The cashless world is already well underway in places such as Sweden. And with the ongoing trend in negative interest rates in Europe, and now Japan, a few academicians show us how we could all be forced into accepting a cashless world — whether we want it or not…

A world devoid of physical cash goes hand in hand with the financial engineering of central banks, in the form of “negative interest rates.” By making depositors pay a fractional fee to store their cash, central banks hope to force them to reinvest the money elsewhere, in factories, higher wages or the stock market, in vain hopes of reviving an economy.

Physical cash, of course, represents a threat. It’s beyond central banks’ control. Or is it?

A Diabolical Plan

Late last year, a pair of economists from the IMF and the University of Michigan published a paper spelling out how central banks, in the thrall of negative interest rates, could force banks — and by default, their depositors — to convert their paper currency into digital form.

How? In essence, by making the paper currency worth less than its digital counterpart.

Here’s how it would work: Local banks accumulate large sums of paper currency all the time, as a result of deposits from church collections and all the other transactions where paper cash still gets heavy use in America. Eventually that paper currency (along with its digital cousins) reaches the central bank’s “cash window.” The central bank credits the local bank electronically for the deposit and the money returns to circulation in the monetary system.

Right now, the Federal Reserve does not distinguish between a deposit of $1 in paper currency versus $1 in digital currency. It’s all the same, right?

But suppose, if negative interest rates come our way here (as they have in Europe and Japan), the Fed chose to assign an additional fee to banks returning paper money to its “cash window”?

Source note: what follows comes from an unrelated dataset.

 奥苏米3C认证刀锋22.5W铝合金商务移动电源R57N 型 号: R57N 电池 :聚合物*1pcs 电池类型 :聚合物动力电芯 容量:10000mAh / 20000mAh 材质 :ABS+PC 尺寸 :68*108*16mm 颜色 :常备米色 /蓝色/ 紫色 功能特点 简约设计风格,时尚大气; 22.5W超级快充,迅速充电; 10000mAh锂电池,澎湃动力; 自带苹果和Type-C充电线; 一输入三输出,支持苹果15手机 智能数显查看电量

Remember that in a negative interest rate environment, any cash on deposit is really worth at least a fraction below its face value (in Europe right now, the deposit rate is a negative 0.30%). An additional fee on a deposit of paper currency would make good old physical cash worth even less.

Boiled down, paper currency gets charged a higher negative interest rate, while digital currency gets the more favorable one.

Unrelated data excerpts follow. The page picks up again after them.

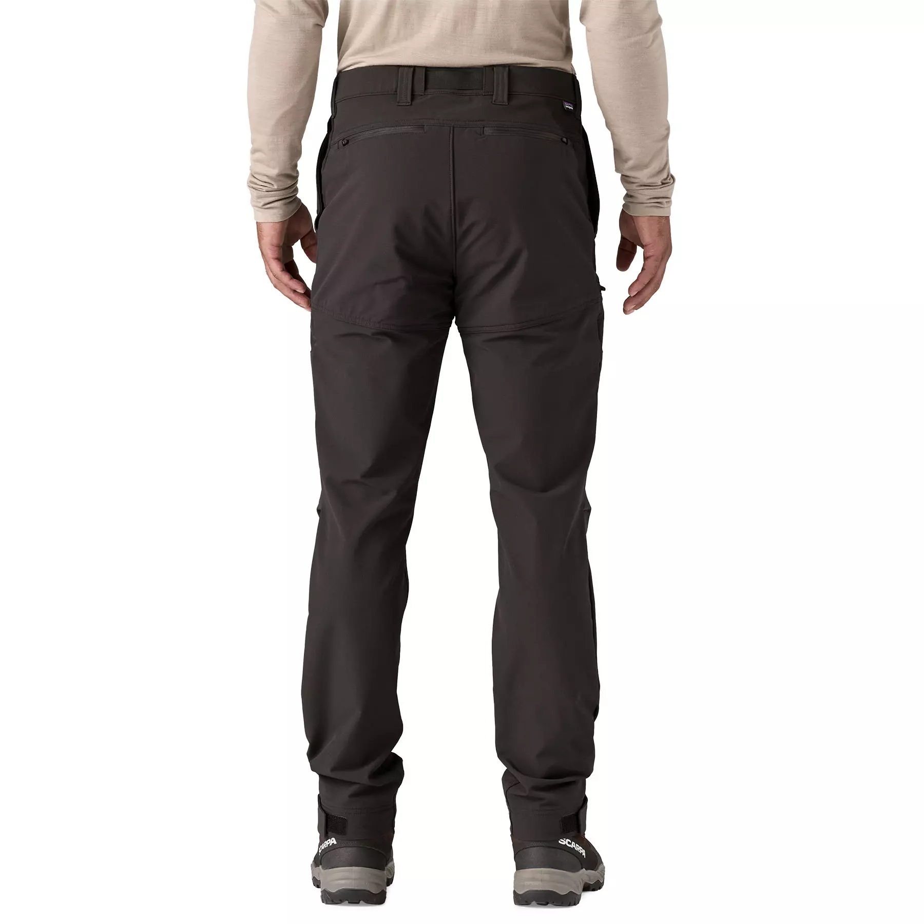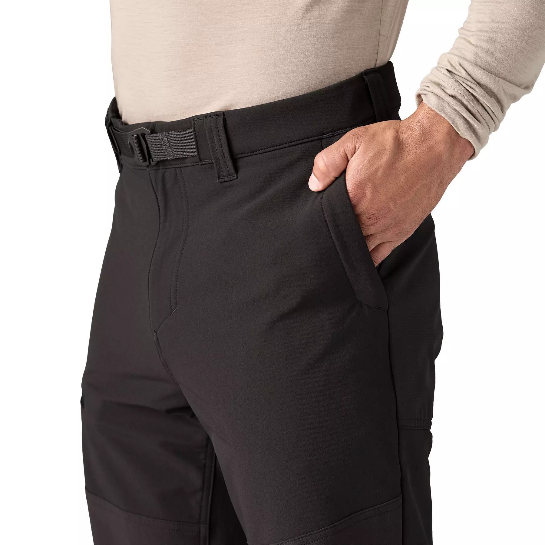 Gusseted crotch and prominent knee articulation for freedom of movement; designed for a sleek fit under a backpack waistbelt or a harness
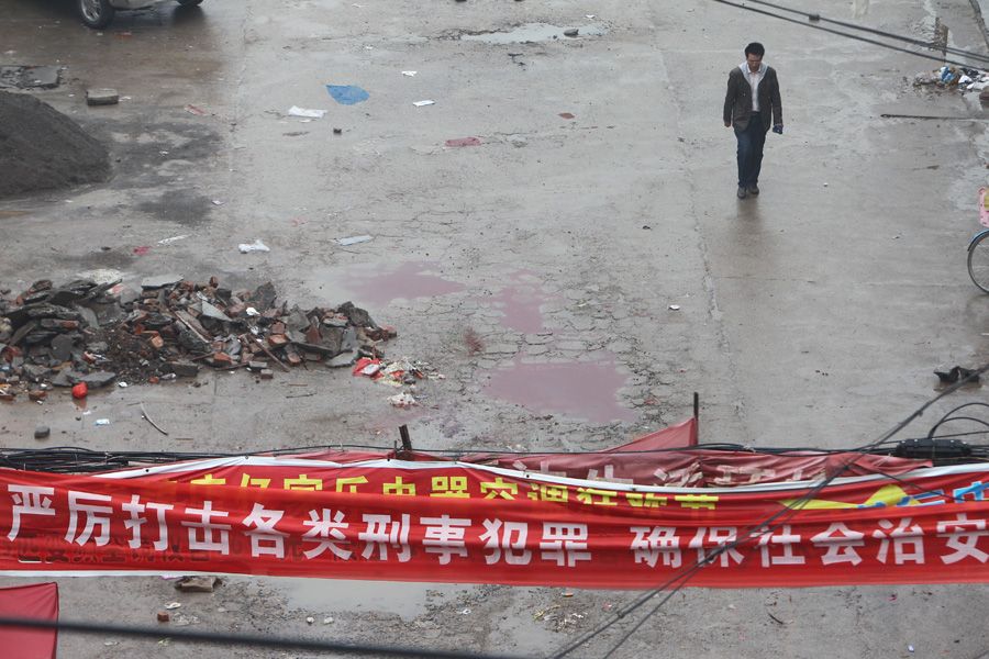 官方引述附近村民的说法称,犯罪嫌疑人王宏斌是一位30岁的男性,有精神病史。该嫌犯随后被警方控制。知情人称,王宏斌在家中曾打过父母、以前也住过精神病院,在村上见小孩就又掐又打。图为事故现场。
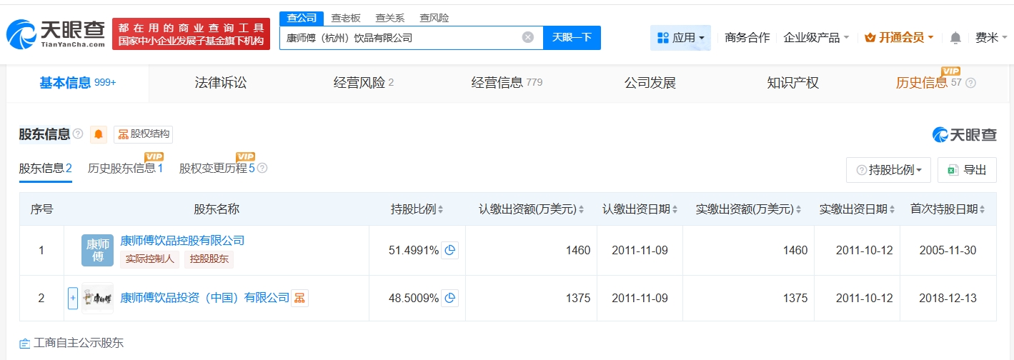 该公司成立于2005年11月,法定代表人为苏立荣,注册资本2835万美元,经营范围包括食品生产技术的技术咨询、技术服务等,由康师傅饮品控股有限公司、康师傅饮品投资(中国)有限公司共同持股。
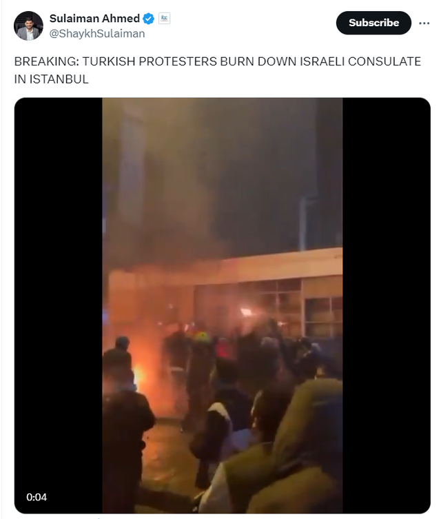 如果说体育圈、娱乐圈还算比较和平的表达自己的愿望,他们希望停止轰炸加沙,给加沙和平。那么,其他地方可就没那么好说话了,在以色列轰炸帐篷区的消息刚刚传出来,愤怒的土耳其人冲向了以色列驻伊斯坦布尔领事馆,放火烧了领事馆(上图)。
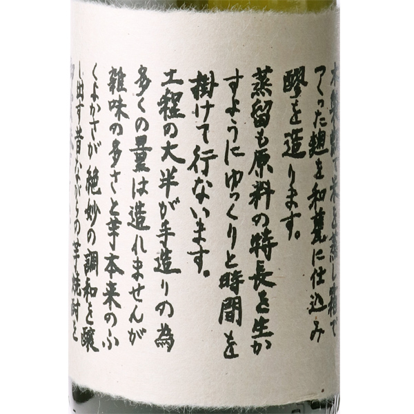 天草と島原半島の中間にある湯島で栽培された湯島芋を使用。この芋は島を囲む四方から吹く海風の影響で濃厚な甘味を特徴としてます。常圧蒸留、白麹にて造りました。蔵紹介
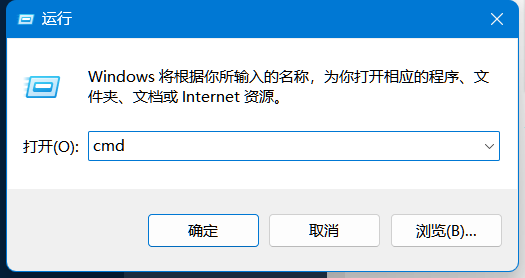 右鍵電腦左下角的Windows圖標,點擊運行,輸入cmd,然后點擊確定

If banks must pay a little more to deposit physical cash with a central bank, it wouldn’t take long for them to return the favor, charging their individual depositors of paper cash a bit more too.

So you can see how such a system might force all of us to think twice before withdrawing most or all of our cash from a local bank if negative interest rates come to American shores.

You can also see how it could clear the way for a permanently cashless society. The banks might pitch such a system — charging more to deposit paper currency — as a temporary measure at a time of “economic emergency.” But when the emergency is over, the fee on paper cash remains (and perhaps increased over time).

Faced with such a choice, how long are you going to leave your $100,000 (or whatever the amount is) buried in your backyard when every year it has even less value than its digital bank-stored equivalents? What other alternatives do you have?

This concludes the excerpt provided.